Task requirements | After locating the line with "まとった苺パウダーは口に含ん" in the entries below, output it and each following line up to and including the line with "活动中,市领导与西青区领导、", exactly and without pictures.

Exercise materials |
+===+
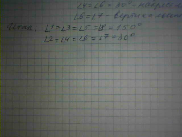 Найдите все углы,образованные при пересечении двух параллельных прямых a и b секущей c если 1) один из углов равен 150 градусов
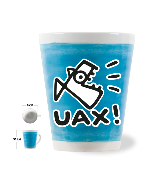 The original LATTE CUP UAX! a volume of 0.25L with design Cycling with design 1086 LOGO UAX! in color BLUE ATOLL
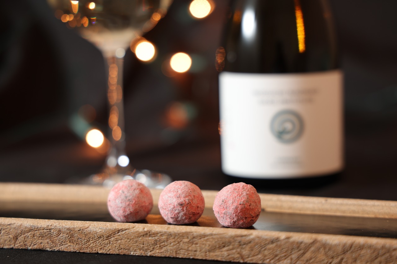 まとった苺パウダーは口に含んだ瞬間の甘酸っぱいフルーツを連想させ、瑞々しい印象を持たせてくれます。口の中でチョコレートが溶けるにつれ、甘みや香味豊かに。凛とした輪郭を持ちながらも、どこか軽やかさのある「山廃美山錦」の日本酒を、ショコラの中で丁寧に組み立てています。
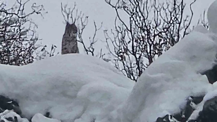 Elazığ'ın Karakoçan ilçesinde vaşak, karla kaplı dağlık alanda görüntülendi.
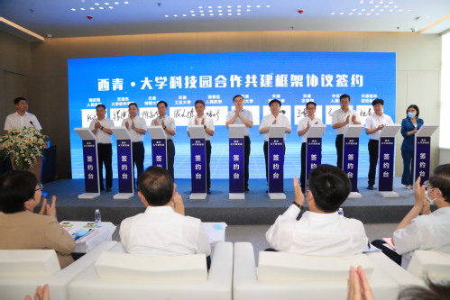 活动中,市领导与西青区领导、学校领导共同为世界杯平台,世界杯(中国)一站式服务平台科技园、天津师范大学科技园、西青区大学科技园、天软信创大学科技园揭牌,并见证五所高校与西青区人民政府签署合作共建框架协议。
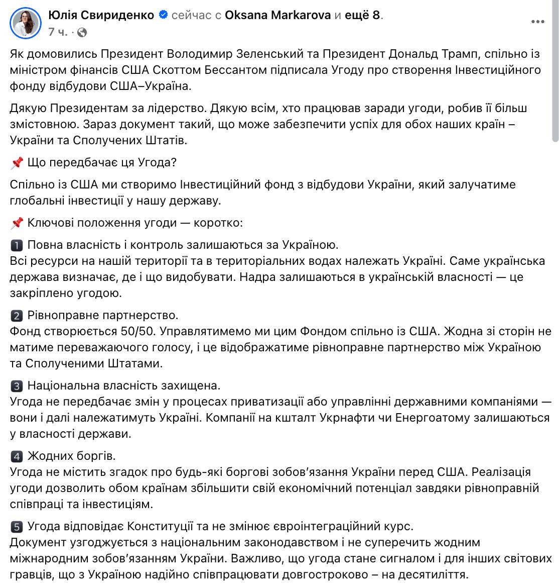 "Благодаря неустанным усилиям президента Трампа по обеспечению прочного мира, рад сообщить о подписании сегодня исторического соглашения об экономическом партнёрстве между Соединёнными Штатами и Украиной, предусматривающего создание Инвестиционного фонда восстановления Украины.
+===+
Solution below |
 まとった苺パウダーは口に含んだ瞬間の甘酸っぱいフルーツを連想させ、瑞々しい印象を持たせてくれます。口の中でチョコレートが溶けるにつれ、甘みや香味豊かに。凛とした輪郭を持ちながらも、どこか軽やかさのある「山廃美山錦」の日本酒を、ショコラの中で丁寧に組み立てています。
 Elazığ'ın Karakoçan ilçesinde vaşak, karla kaplı dağlık alanda görüntülendi.
 活动中,市领导与西青区领导、学校领导共同为世界杯平台,世界杯(中国)一站式服务平台科技园、天津师范大学科技园、西青区大学科技园、天软信创大学科技园揭牌,并见证五所高校与西青区人民政府签署合作共建框架协议。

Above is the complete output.